While that may seem straightforward, anyone who has studied the CAP theorem knows that it’s anything but. The CAP theorem says a distributed data store can only satisfy two of the following three guarantees: consistency, availability, and partition tolerance. This means that distributed systems must make trade-offs based on their specific requirements.

For instance, a system emphasizing consistency over availability will ensure that all clients always have the same, most recent data. However, this could mean that if certain data cannot be updated, the system might choose to stop serving data at all to maintain consistency.

On the other hand, a system emphasizing availability over consistency will always process queries and respond, even if it can’t guarantee the data is the most recent. This could lead to situations where clients read stale or inconsistent data.

Eventual Consistency

To balance the trade-offs between data consistency and availability, many enterprise systems employ a model known as eventual consistency. An eventually consistent system tolerates data inconsistency for a short period but does achieve consistency in the end. This is often achieved by using an event store, a message broker acting as an event database.

Distributed event-driven applications work by performing a series of asynchronous local transactions before adding each change to an event stream stored in an event store. Each service can then update its own data in a local transaction by consuming events from the event stream.

This approach allows the system to maintain high availability while still working towards data consistency, albeit with a potential delay. It’s a practical compromise that enables distributed systems to function in real-world scenarios.

Why does data consistency matter?

Inconsistent data can lead to several serious problems. Consider a bank with branches in multiple cities. If a customer withdraws money from one branch and the updated balance isn’t immediately propagated to the databases at other branches due to data consistency issues, the customer might be able to withdraw more money than they have in their account. This could lead to financial losses for the bank, regulatory and legal issues, and damage to the bank’s reputation.
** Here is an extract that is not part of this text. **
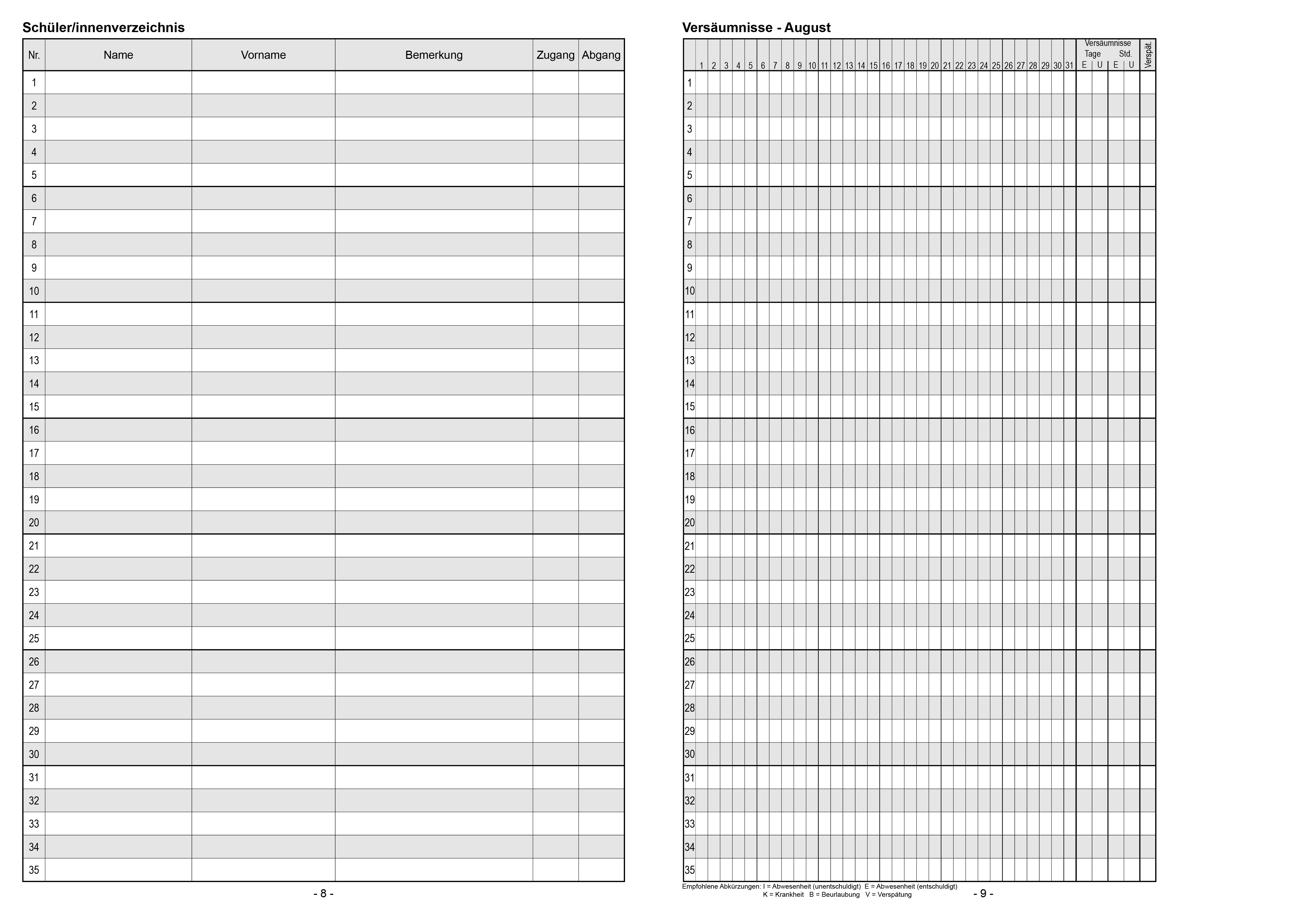 Klassenbuch "Standard" mit festem Bucheinband - für 1 Schuljahr Inhalt: Stundenpläne, Lehrer- und Schülerverzeichnis, monatliche Versäumnisse im Registerschnitt, Wahlunterricht, AG's, Übersicht schriftliche Arbeiten, eingeführte Schulbücher, ausgegebene Lehrmi...

In addition to timely propagation, data accuracy is also a key factor in data consistency. In a distributed application, inaccurate data—for example, incomplete data, data with missing records, or data captured using inconsistent formats—can propagate quickly due to the interconnected nature of the system. If one node receives inaccurately recorded data, it can be replicated across other nodes, leading to widespread dissemination of the inaccuracies, resulting in systemic errors and inconsistencies that can be challenging to identify and correct.
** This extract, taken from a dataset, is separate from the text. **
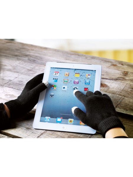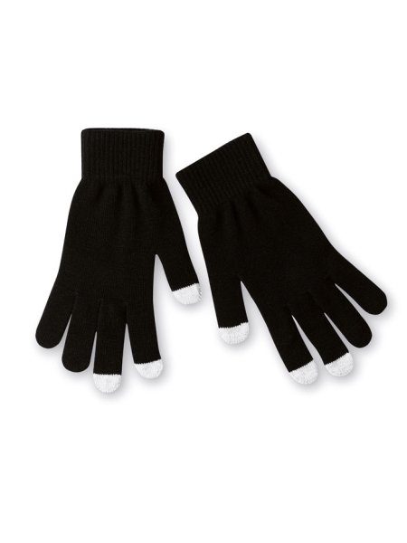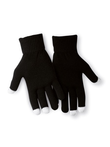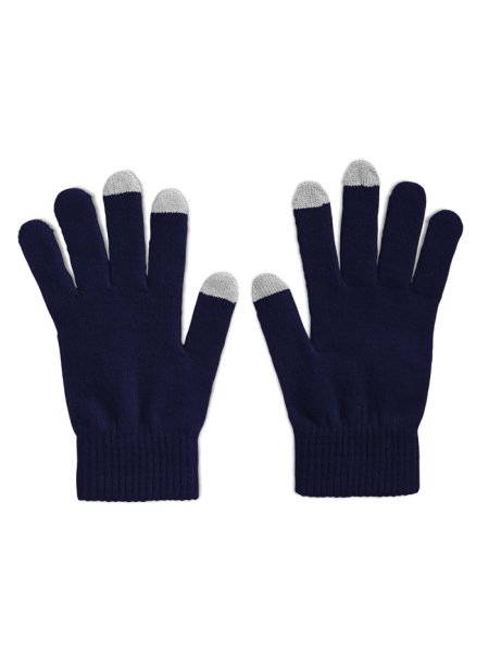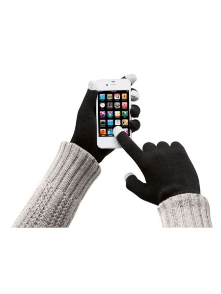 Touchscreenfähige Handschuhe aus Acryl. 3 Fingerspitzen bestehen aus 0,5% Edelstahlfaser, 89,5% Acryl und 10% Elasthan. Die Größe der Handschuhe kann aufgrund des Elasthan Anteils variieren.

How do enterprise apps maintain data consistency?

Data validation is often the first layer in achieving data consistency. It helps to ensure data accuracy by checking data against rules and standards to identify issues and ensure the data meets requirements for accuracy and completeness as it flows into the app.

However, data validation alone isn’t a complete solution for apps with distributed services. When data is ingested via multiple entry points and processed by multiple services, there is a chance that inconsistencies and inaccuracies will make their way into the data stream even though data inputs have been validated.

Downstream consistency checking is another method used to maintain data consistency. It aims to verify that the data stored in each service’s database is consistent, accurate, and complete. But there are significant limitations to this approach. Most notably, it shuts the barn door after the horse has bolted; inaccurate, incomplete, and inconsistent data has already propagated by the time it is identified.

An alternative to downstream consistency checks is to monitor the data stream for consistency, using techniques such as real-time anomaly detection to verify that the data in the stream is correct before it is consumed by other services. Real-time data stream monitoring allows businesses to react immediately to inconsistencies, including by modifying data in-flight or redacting anomalous data before it causes problems.

Data consistency is a critical aspect of distributed enterprise applications. It ensures that data is accurate, reliable, and timely across all services. However, achieving data consistency in distributed systems is a complex task that requires strategies such as eventual consistency, data validation, and real-time data monitoring.